1. Membantu syi’ar kekufuran


2. Ta’dzhim pada kekufuran
3. Toleransi tidak menyangkut urusan dalam peribadahan mereka
4. Tolong-menolong dalam kemaksiatan
5. Termasuk bid’ah sayyi’ah
6. Masih ada aparat negara yang memiliki tugas untuk menjaga
keamanan, seperti polisi, tentara, dan aparat kenegaraan lainnya.
7. Ada peluang bagi pihak non-Islam untuk memanfaatkan umat
Islam dengan adanya momen-momen tertentu -seperti pada hari-
hari besar mereka- dengan mengatasnamakan toleransi.
Sedangkan, bisa saja ada kemungkinan bahwa mereka
mengetahui larangan atau batasan-batasan toleransi dalam agama
Islam.

Terdapat perbedaan pendapat mengenai larangan dan


diperbolehkannya umat Islam untuk berpartisipasi dalam menjaga tempat
ibadah non-Islam. Hal ini disebabkan adanya perbedaan latar belakang dan
sudut pandang dari seseorang yang melihat kegiatan ini. Seseorang yang
melihat bahwa kegiatan penjagaan tempat ibadah non-Islam ini bertujuan
untuk menjaga kemaslahatan umat, seperti menjaga keamanan di Gereja dan
lingkungan sekitarnya, maka mereka akan memperbolehkannya.

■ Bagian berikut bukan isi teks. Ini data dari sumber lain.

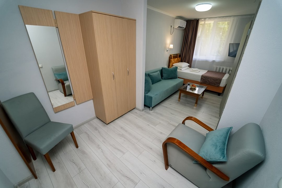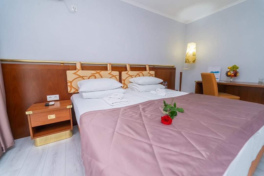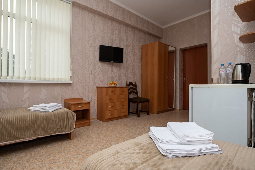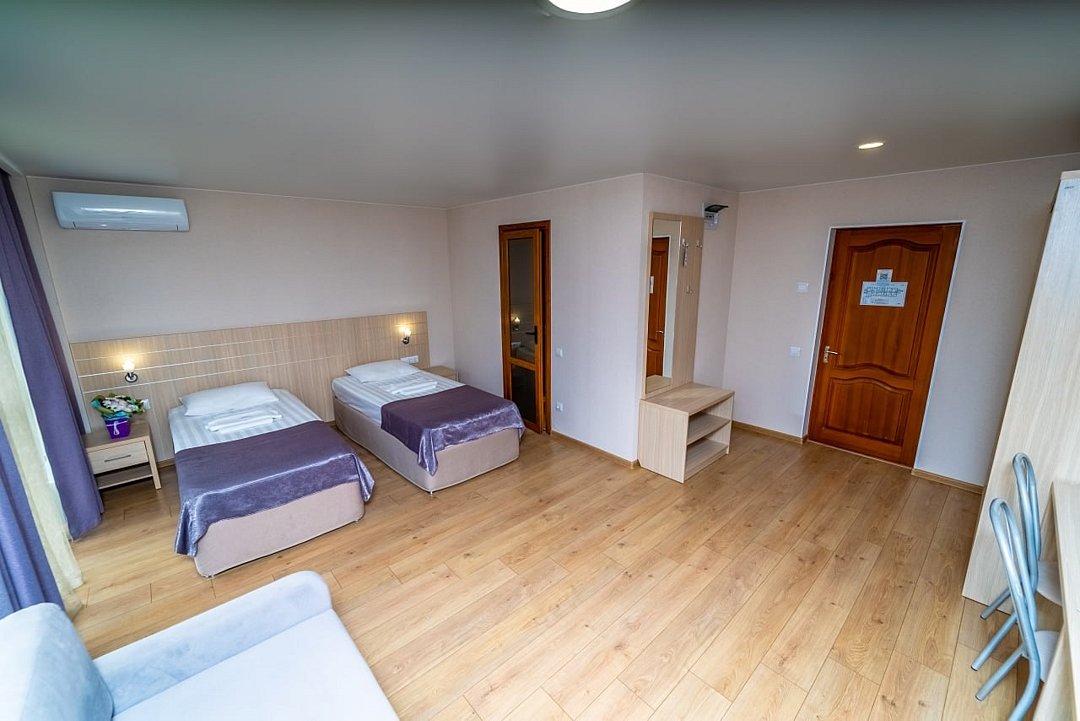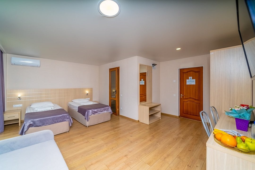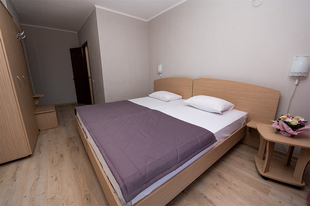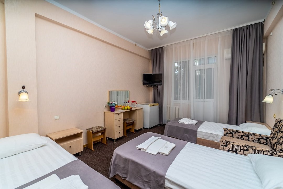 Лечение и оздоровлениеДостоинстваНеделю жили мы здесь с мамой. Место хорошее в целом, ремонт, когда мы приехали, почти был закончен. Окна заменили и мебель. Стандартные номера, чистые, ничего необычного не увидели. 15 минут идти до моря быстрым шагом. Но есть и автобус, который туда возит. Пляж понравился, галька мелкая.

Sedangkan
seseorang yang melihat bahwa kegiatan ini justru terkesan mengandung
unsur untuk ikut campur dalam peribadahan mereka dan telah melewati
batas toleransi, maka mereka akan cenderung untuk melarangnya.

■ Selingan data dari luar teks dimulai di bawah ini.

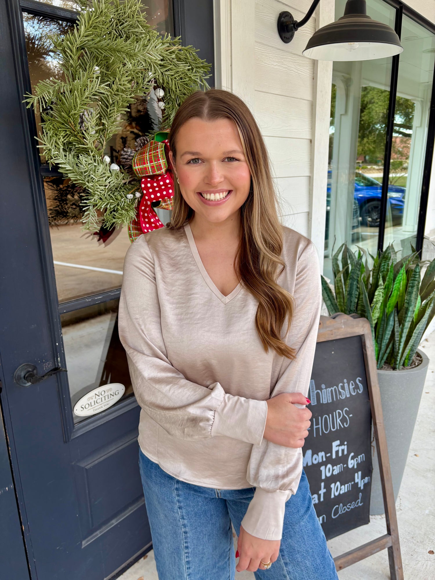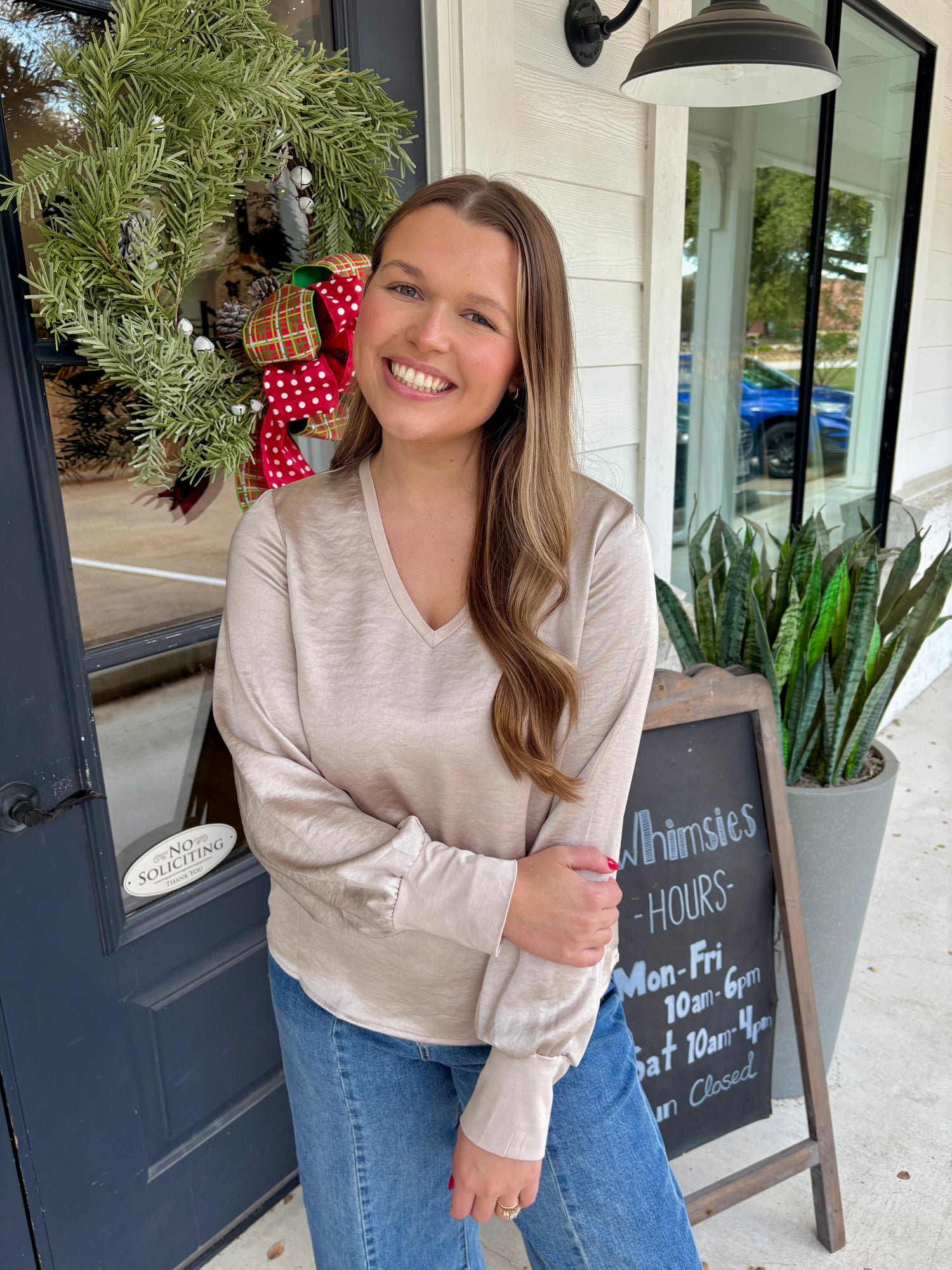 Aya v-neck long sleeve satin top, a versatile piece in smooth satin fabric drapes beautifully, offering a luxurious feel against the skin. In classic fitting that is perfect for dressy occasions or casual wear, this top accentuates any outfit statement.

Sebagai orang yang berkecimpung dalam filsafat, mushohih dalam


diskusi kali ini lebih memilih untuk memperbolehkan umat Islam (Banser)
untuk berpartisipasi dalam menjaga Gereja ataupun tempat ibadah agama
lain. Dalam realitanya, Banser tidak hanya menjaga Gereja atau tempat
ibadah dari agama lain pada hari raya mereka. Banser selalu aktif dalam
melakukan keamanan pada setiap acara, baik acara keagamaan dalam Islam
sendiri atau kegiatan lainnya.

Pada hakikatnya, penjagaan gereja yang dilakukan oleh Banser telah


melewati prosedur yang benar, yakni telah mendapat persetujuan dan
perizinan dari aparat yang berwenang. Jadi, secara tidak langsung Banser
merupakan kepanjangan tangan dari aparat pemerintah. Pihak pemerintah
tidak serta merta menyerahkan tugasnya pada Banser, tetapi juga turut andil
untuk menjaga keamanan, terlebih jika memang terjadi hal-hal yang tidak
diinginkan selama proses penjagaan tersebut. Maka penjagaan gereja oleh
banser bukanlah suatu hal yang salah dan konflik yang muncul dari
peristiwa ini hanyalah pandangan dari orang-orang yang belum melihat
kehidupan nyata dalam kehidupan prularisme agama.

Suatu perbuatan dikatakan sebagai maksiat tergantung dari situasi


dan kondisi dimana perbuatan itu dilakukan. Misalnya dalam hal
pergi/berkunjung ke Gereja. Indonesia merupakan negara yang mengakui
dan melegalkan beberapa agama serta memberi kebebasan kepada
penduduknya untuk memilih keyakinannya sendiri juga melaksanakan
ajaran-ajaran yang terkandung dalam agamanya. Berdasarkan pernyataan
ini, maka umat Islam tidak boleh menganggap umat kristiani yang pergi ke
Gereja untuk beribadah sebagai pelaku kemaksiatan, dengan dalih telah
melakukan ke-syirikan karena menyembah Tuhan lain yang berbeda dengan
Tuhan mereka. Sebaliknya, justru umat Islam-lah yang akan dianggap
sebagai pelaku maksiat karena telah melarang seseorang untuk beribadah.

Kita perlu mengetahui bahwa agama di dunia itu universal. Toleransi


yang terjadi antar umat beragama akan lebih kuat jika dibandingkan dengan
toleransi antara umat beragama dengan umat yang tidak beragama.